Вспоминая пустынные черные улицы военного времени, я с радостью смотрел на праздные толпы, которые текли в обе стороны, перепутываясь, но не сливаясь. Перед витринами, освещенными ярким внутренним светом, образовались как бы лужицы, которые убывали и пополнялись почти незаметно. Постояв перед светлым окном, пары, молодые — в обнимку, постарше — под ручку, совсем пожилые — просто рядом, двигались дальше, к другому окну, к другой витрине.

 — Ну, скажите, пожалуйста, — обратился к Стажинскому шофер, когда машина остановилась перед светофором, — чего они бродят от витрины к витрине? Чего они разглядывают? Ведь купить-то все равно не смогут.

 — Развлечение, видимо, — неохотно отозвался Казимир.

Шофер покрутил головой и фыркнул.

 — Развлечение... Разврат это, по-моему, а не развлечение. Они глазами покупают, а в мыслях все это домой перетаскивают. Есть такие, что им мало только в мыслях домой таскать. Приходят ночью, когда никого нет, трах-тарарах по стеклу и давай хапать. А хозяева не дураки, у них там провода, сигнализация, звон-перезвон, сторожа, полиция — и... пожалуйте, садитесь, мигом доставим в тюрьму... Вот к чему это ведет!

Забитые народом кафе с распахнутыми дверями и открытыми окнами, которые волновали и радовали меня светом, шумом, жизнью, вызвали у шофера такси только раздражение.

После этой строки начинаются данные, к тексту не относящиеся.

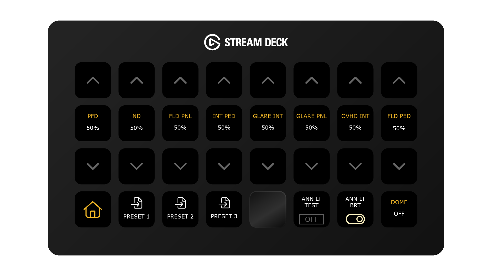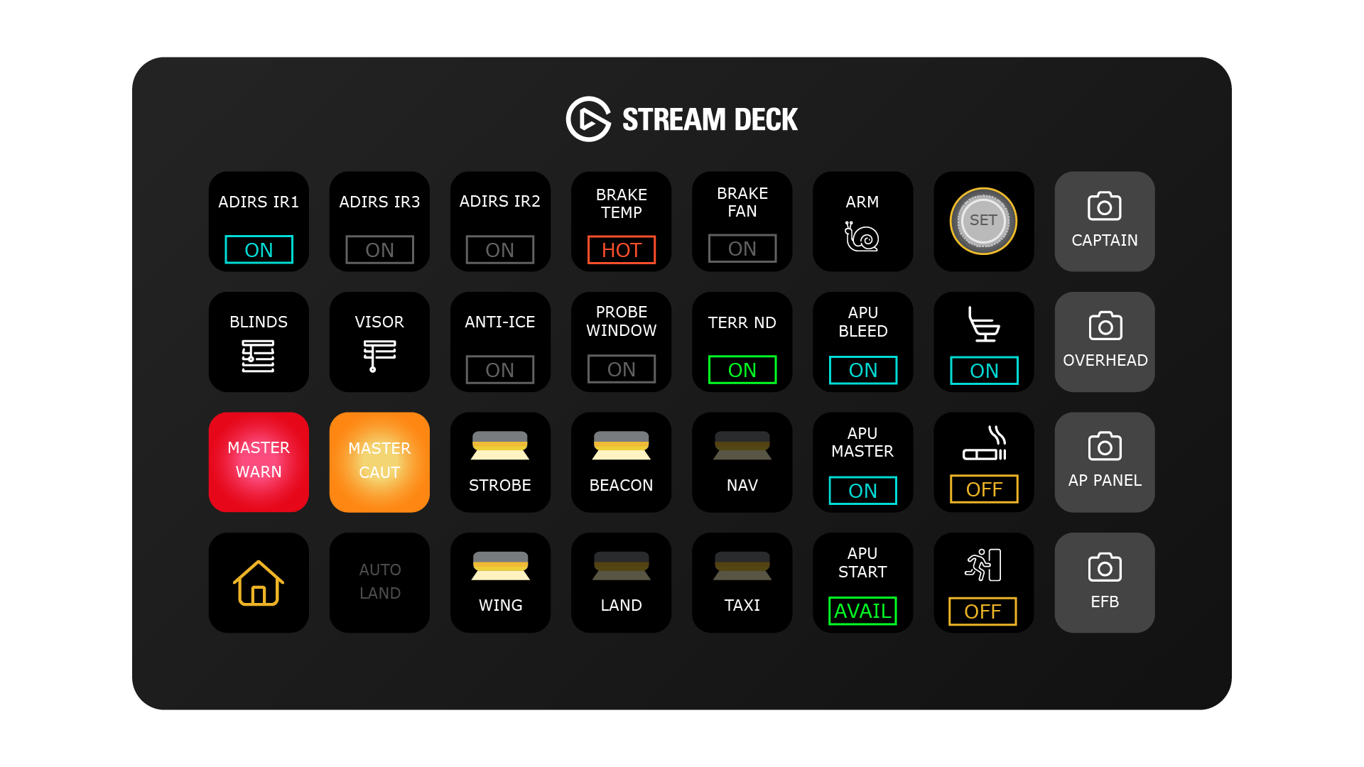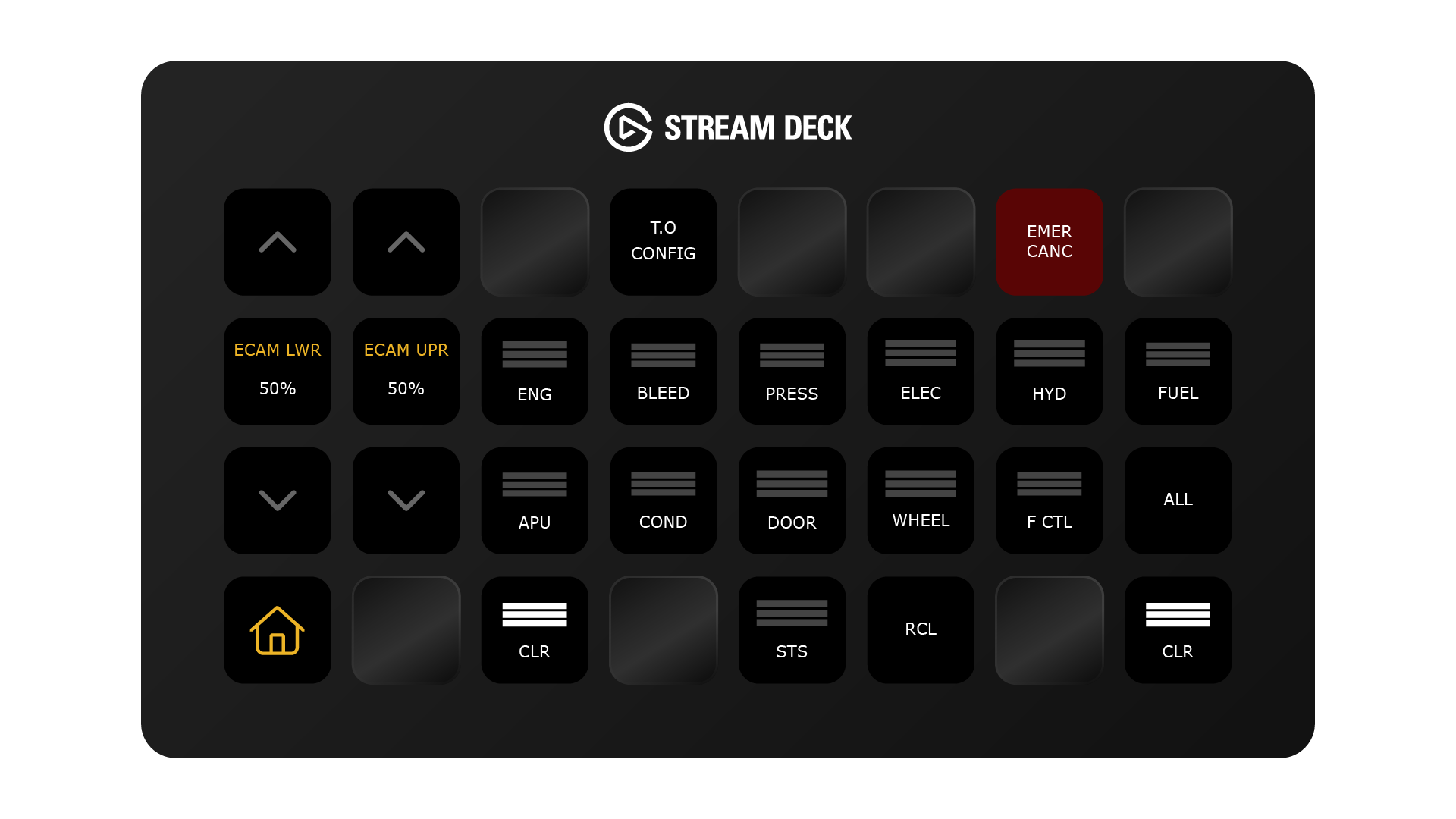 What’s Included? This item includes all 10 Stream Deck Profiles (Home, Main Panel, Overhead, Communications, WX/ATC & TCAS, Interior Lighting, ECAM, Fire, Autopilot & EFIS) that make up the Fenix Airbus A320 Series.

Лишь на маленькой узкой улочке, выходящей на площадь ратуши, шофер стал добродушнее. Вся улочка состояла из лавчонок, где даже в этот поздний час продавались сувениры. Среди них главное место занимал знаменитый брюссельский мальчик, который, по преданию, спас столицу от пожара, погасив пламя собственной жидкостью. Он был изображен в этом виде во всех размерах — от самого крошечного до естественной величины. Во всех материалах — в бронзе, меди, камне, мраморе, пластмассе, папье-маше, воске. В обеих национальных одеждах — валлонской и фламандской. Во всех костюмах — гвардейцев, пожарников, трамвайщиков, железнодорожников, моряков. Металлические фигурки мальчика были снабжены помпой, что позволяло ему выполнять свою естественную надобность по воле и в руках каждого.

Туристы, накупившие фигурок мальчика, тут же в магазине набирали в помпу воды — она предоставляется бесплатно и в большом изобилии — и выходили на улицу. Покатываясь со смеху, они запускали тонкие сверкающие струи и обливали друг друга.

 — Дурни, вот дурни! — показал на них шофер и захохотал. — Купили мальчика и сами стали детьми, заигрались.

Его широкое лицо стало еще шире, круглее. Он почти любовным взглядом проводил группу расходившихся американцев, повторяя:

 — Дурни... Вот дурни...

И опять захохотал.

Наше молчание, видимо, обидело его.

 — Может, вы думаете, нашли, чем удивить? — с вызовом сказал он, не поворачивая, однако, головы. — Париж Эйфелеву башню показывает, Нью-Йорк — стоэтажное здание, Лондон — крепость, где королям головы рубили, а Брюссель — мальчика со своим фонтанчиком. А, между прочим, наш мальчик не хуже. Не знаю, спас ли он в самом деле, как говорят, Брюссель от пожара, но пользы много приносит. Зять мой в мастерской работает, которая медных мальчишек льет, и хорошо зарабатывает. И, между прочим, отец его там же работал. Лет сорок работал и все мальчишек медных отливал. Семья его всю жизнь этим кормилась, теперь дочь моя, две внучки, ну, и зять, само собой разумеется, этим кормятся. Вот он какой, мальчишечка наш...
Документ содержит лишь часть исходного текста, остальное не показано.